Trade-A-Boat

LADIES OF THE DEEP

HMAS Swan was a River-class destroyer escort. She and her sister ship HMAS Torrens were ordered as replacements for HMAS Voyager, a destroyer lost following a collision with the aircraft carrier HMAS Melbourne in 1964.

Swan was constructed at the Williamstown Dockyard in Melbourne, while Torrens was built simultaneously at Cockatoo Island in Sydney.

Swan was five years in the making (1965-70) and, at $22 million, she was the most expensive warship ever built in Australia up to that time.

When commissioned in January 1970, she was also the most sophisticated, being the first Australian ship to have a computer-controlled and radar-guided gun turret and automatic steering.

Swan was the third Australian warship to be christened by that name (her two predecessors having won battle honours in the Adriatic in WWl and the Pacific in WWll), but to her crew she was affectionately known as the "Fluffy Duck".

Although the Vietnam War was on at this time, Swan had only a limited involvement in it, escorting Australian vessels to the war zone several times during 1971.
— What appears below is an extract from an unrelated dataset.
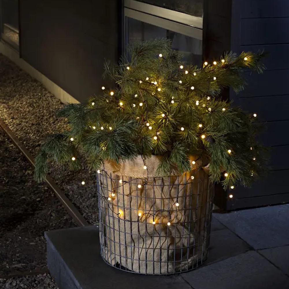 Indendørs og udendørs, med automatisk skumrings-til-daggry-funktion og timerfunktion med automatisk slukning efter 6 eller 9 timer, batteriboks med afbryder og ophængningsstrop, kabel og stikkontakt sort, IP44, batteridrift 4 Mignon. Afstand mellem lamperne 10 cm.

In fact, she saw no action during her time in service, but her versatility underscored a very busy and colourful RAN career, some highlights of which were: escorting the Royal Yacht Britannia during a Royal visit to Thailand; rescuing the crew of the disabled yacht Cutty Sark in mountainous seas (earning the ship’s swimmer team the Fleet Commander's Commendation for bravery); rescuing 72 Vietnamese refugees from a dangerously overloaded 35-foot boat in the South China Sea; being the first Australian warship to visit China (Shanghai) since the formation of the People's Republic and, on the same deployment, the first to participate in joint exercises with the Japanese Maritime Self-Defence Force.

Also, while participating in Exercise Tasman became the first RAN ship since the cruiser HMAS in 1942 to empty her entire magazine (of 1081 4.5-inch shells) in the one event.